A gem among the rats

I wish I’d actually take the time to write about my day, every day and at the end of the day.  Reflection can be very cathartic, therapeutic, funny, and calming.  I think my problem here is–nothing really ever happens.  And I could just write that, I suppose:

Sunday:  Nothing really happened today

Or I could break it down into time slots and amounts of coffee, food, and booze I had in one day.  Sunday: Two cups of iced coffee between 8am and 10am.  Showered with body scrub.  Made out with the man I’m seeing.  Went to see Man Of Steel–got to the theatre at 5:30 for a 6:30 showing and it was sold out.  Went to another theatre by 5:50 for a 7pm showing and got in.  Large popcorn, small drink to share with my brother and the sweetheart.  Movie ended.  Came home by 10:30 and studied for my Anatomy quiz until 12:30p.  :::::: But this is all terribly boring.  Hell, it’s boring for me to write let alone for someone to read, no imagine the experience of it all, or the lack of for that matter. heh.

So I guess I’m sort of left with “what else?”  These two words come up often when I’m on the phone with people I chat with on the phone or via video.  I don’t text that shit, that’s stupid.  By saying “what else” it helps jog my memory and relive fun stuff that I’d like to share, but have forgotten to share.  And another added bonus is I can tell the same story four times to four different people and it won’t ever be the exact same story, or tone or inflection.  But the reflection and fun-ness of said story remains structurally true, and adds to the conversation nicely.
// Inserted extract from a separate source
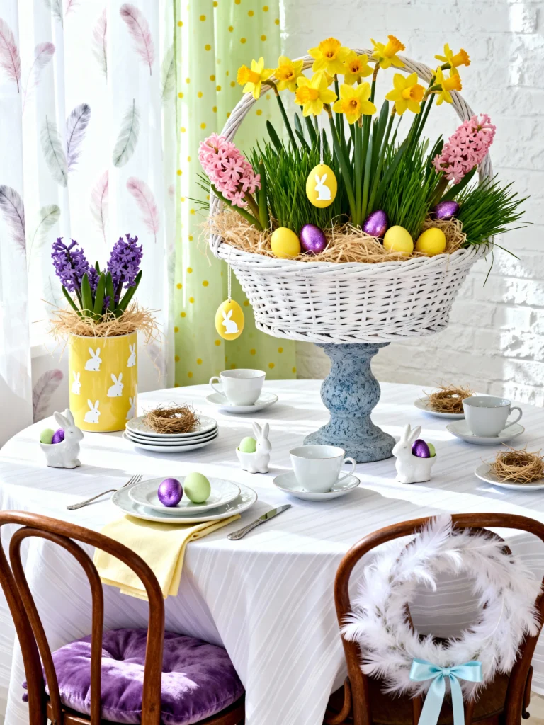 This setup is pure Easter joy! The focal point is that massive white wicker basket overflowing with daffodils and hyacinths—it’s like a spring garden in the middle of your table. I’m obsessed with the bunny-themed details, from the yellow vase to the tiny ceramic bunny egg holders. The purple velvet chair cushions add a rich, royal touch that makes the whole room feel special. It’s bright, cheery, and perfect if you’re hosting a brunch for kids (or just kids at heart).

And here’s this fun little gem:

After the movie last night my brother and I are sitting on the benches down by the train station and there are several young girls sitting next to us.  Ages maybe 4-6 in range, they are still eating popcorn.  Which is to say there are still playing with it, dropping it, throwing it at one another and on the occasion chewing and swallowing the stale snack.  These young girls are hispanic ish, and an older (think grandmother age) white woman with dyed red hair approaches the bench and starts rattling off that someone is going to have to clean up this mess, that we have a rat problem, they’re being messy disrespectful–and my personal favorite moment directed at me “What are you teaching your children??!”  She said this to me and my brother with such confusion and disdain that all sarcasm and snappy comebacks left me to fend for myself and I claimed with some volume “they’re not mine!”  To which you’d think she may have said something like “oh, sorry” but no.  No, no, no she turned and said “well who’s are they??!!!” And a young lady talking with family or friends claimed them and the old gal chewed her out.  The young woman glanced at me as if to say “do you hear this old bat?” and my response was a non-vocal “wow” in agreement.  But wait the story gets a little better when the old gal finally walks away, and the young woman says to her children to not mind her she’s an old crazy woman.  And time passes, enough time to let the entire situation die down.  That’s a feeling, when somethings finally over you can feel it.  Then low and be-fooking-hold the Old Gal walks herself back to continue educating, questioning and scolding the young woman and her family (I say family because they look like mom, aunt and daughter and children–but that’s just speculation).  As she finally begins what we hope is her final exit I look up at my friend Mr. Snow and say “There are rats?  It’s NEW YORK” and we chuckle.  I’m amazed.  He’s amazed, the girls continue their popcorn games and life as we know it continues.  Saying “we have a rat problem” in New York is like standing on a very small island and claiming you’re surrounded by water.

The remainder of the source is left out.